His publications include “Psicología Política” (“Political Psychology”, 2015) and “Hacia un Mundo Mejor - Pensando y legislando para el futuro” (Towards a Better World - thinking and legislating for the future”, 2014).



17:00-18:30 5 NOVEMBER

Peru is a country that faces a number of challenges in the areas of science and innovation. Following many years of weak political will and slow degeneration of the sector, the country’s legislative branch is now spearheading initiatives to improve funding, promote cross-sector initiatives, and identify opportunities for synergy.

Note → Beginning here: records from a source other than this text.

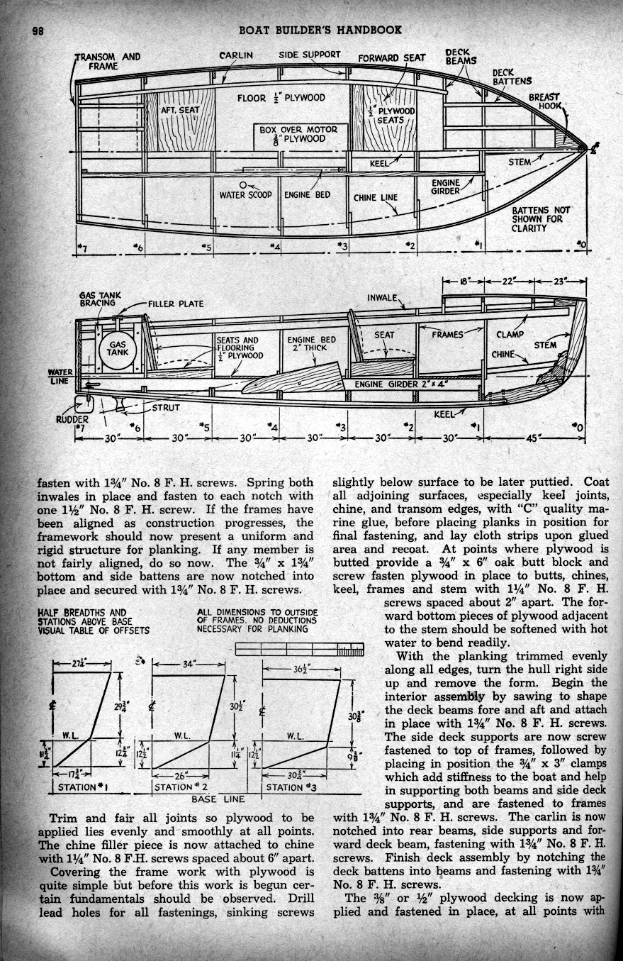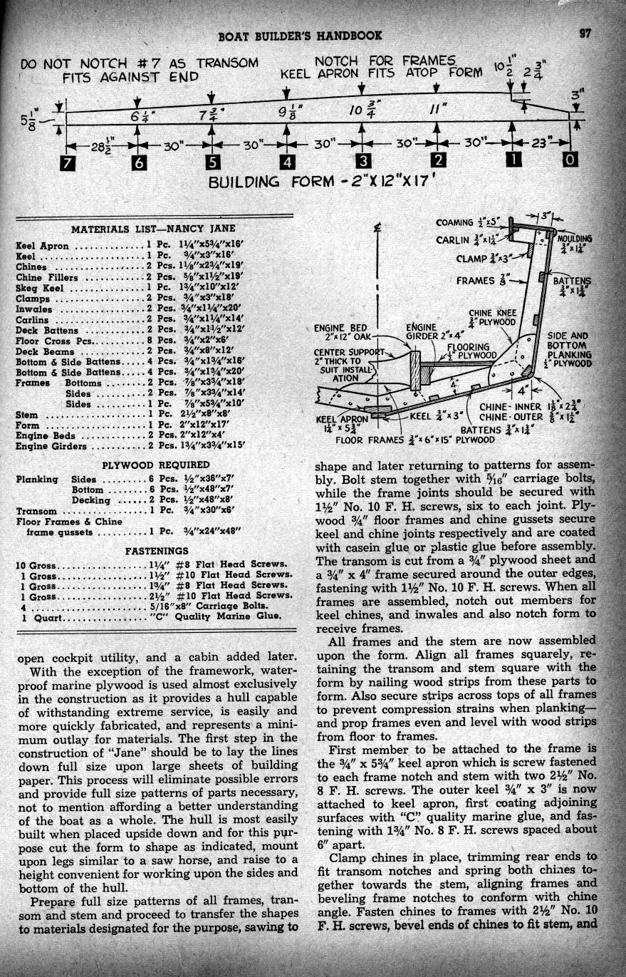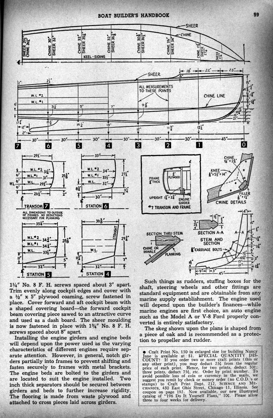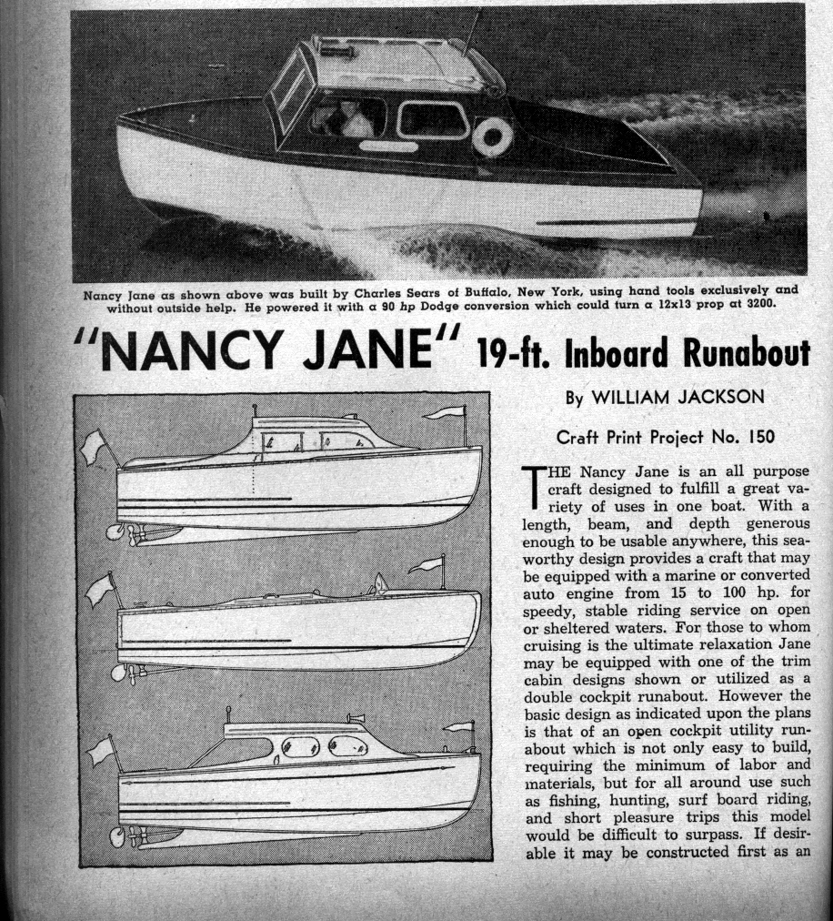 NANCY JANE - 19 ft. Inboard Runabout - By William D. Jackson. The Nancy Jane is an all purpose craft designed to fulfill a great variety of uses in one boat. With a length, beam, and depth generous enough to be usable anywhere, this seaworthy design provides a craft that may be equipped with a marine or converted auto engine from 15 to 100 hp. for speedy, stable riding service on open or sheltered waters. For those to whom cruising is the ultimate relaxation Nancy Jane may be equipped with one of the trim cabin designs shown or utilized as a double cockpit runabout. However the basic design as indicated upon the plans is that of an open cockpit utility run- about which is not only easy to build, requiring the minimum of labor and materials, but for all around use such as fishing, hunting, surf board riding, and short pleasure trips this model would be difficult to surpass.
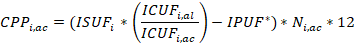 Consumo Corregido por Pérdidas - CCP: Es el volumen de agua suministrada ajustado por el volumen de pérdidas permitidas para cada uno de los años de proyección, medido en metros cúbicos (m3).
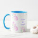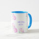 Uma grande maneira de comemorar seu dia especial com uma caneca de café branco bonito com os rosas cor-de-rosa românticos para combinar seus artigos de papelaria do casamento, de uma pintura do watercolour pelo texto de Judy Adamson.The é inteiramente customizável.
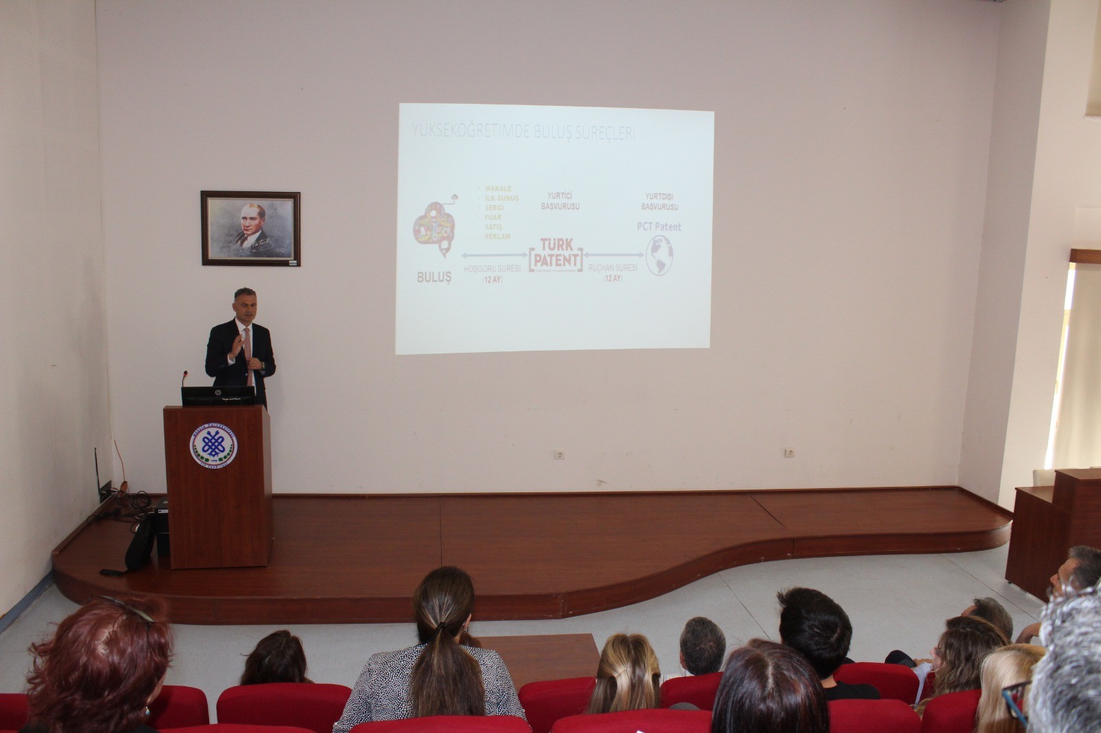 Mersin Üniversitesi Fikri ve Sınai Mülkiyet Hakları (FSMH) Sorumlusu Ramazan Duman ise konuşmasında patent başvurucu süreçleri hakkında katılımcıları bilgilendirdi. Teknoloji Transfer Ofisinin akademisyen, sanayici, girişimci ve öğrenciye yönelik çalışmalar yürüttüğünü ifade eden Duman “Mersin TTO beş ayrı modülden oluşmaktadır. Bunlar Farkındalık, Tanıtım, Bilgilendirme ve Eğitim, Proje Geliştirme, Üniversite-Sanayi İş Birliği, Fikri Sınai Mülkiyet Hakları, Girişimcilik ve Şirketleşme Modüllerdir.” diye konuştu.  Bir süreç yönetimi olan patentin mutlaka bir yenilik getirmesi gerektiğini kaydeden Duman, fikri mülkiyet hakları konusunda farkındalık oluşturmayı amaçladıklarını belirtti. Duman TTO’nun ayrıca buluşun tescil edilebilirlik ve tescil kapsamının belirlenmesi, patent ön araştırmasının yapılması ve ticarileşme potansiyelinin değerlendirilmesi faaliyetlerini yürüttüğünü sözlerine ekledi.
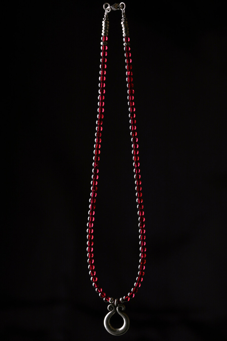 両端をくるくる巻いた渦巻がユニークな涙形ペンダントを中央にあしらったガーネットネックレスです。
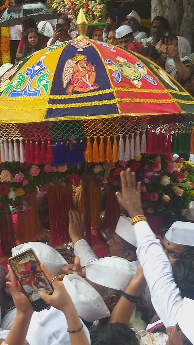 रिमझिम पाऊसात संत तुकाराम महाराजांच्या पालखीचे देहू गावातून प्रस्थान.राज्याचे मुख्यमंत्री देवेंद्र फडणवीस यांच्या हस्ते पालखी प्रस्थान सोहळ्याला प्रारंभ . रिमझिम पाऊस पडत असतानाही वारकऱ्यांचा उत्साह कायम होता. . मुख्यमंत्री देवेंद्र फडणवीस यांनी यावेळी संत तुकाराम महाराज मंदिरात दर्शन घेतले..मुख्यमंत्री देवेंद्र फडणवीस यांनी मंदिर परिसरात फुगडी खेळण्याचा आनंद घेतला. .पालखी सोहळ्याचा दुर्मिळ क्षण आपल्या कॅमेऱ्यात कैद करण्यासाठी अनेकांनी आपले मोबाईल पुढे केले..सामान्य जनतेत मिसळून, त्यांच्या पारंपरिक खेळात सहभागी झाल्यामुळे मुख्यमंत्र्यांच्या साधेपणाचे आणि जनसंपर्काचे दर्शन घडले. .पालखी सोहळ्याचा क्षण भाविकांसाठी आणि प्रसारमाध्यमांसाठी एक अविस्मरणीय अनुभव ठरला. .येथे क्लिक करा.
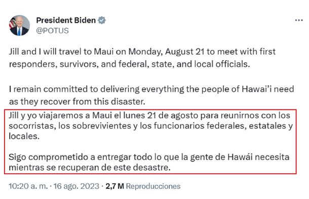 "Sigo comprometido en dar todo lo que la gente de Hawái necesita mientras se recuperan de este desastre", dijo el presidente en sus redes sociales.

Bills currently before congress will build on successful experiences of collaboration and rescuing indigenous intellectual heritage, in a bid to boost dynamism in the sector and incentivize an influx of scientific talent - both Peruvian researchers currently working overseas and foreign specialists.

In the long term, it is hoped that a Ministry of Science, Innovation, and Technology will be able to create an institutional framework capable of managing the flows of financial resources and knowledge while promoting growth in the country’s scientific community, as a fundamental pillar of Peru’s commitment to sustainable development.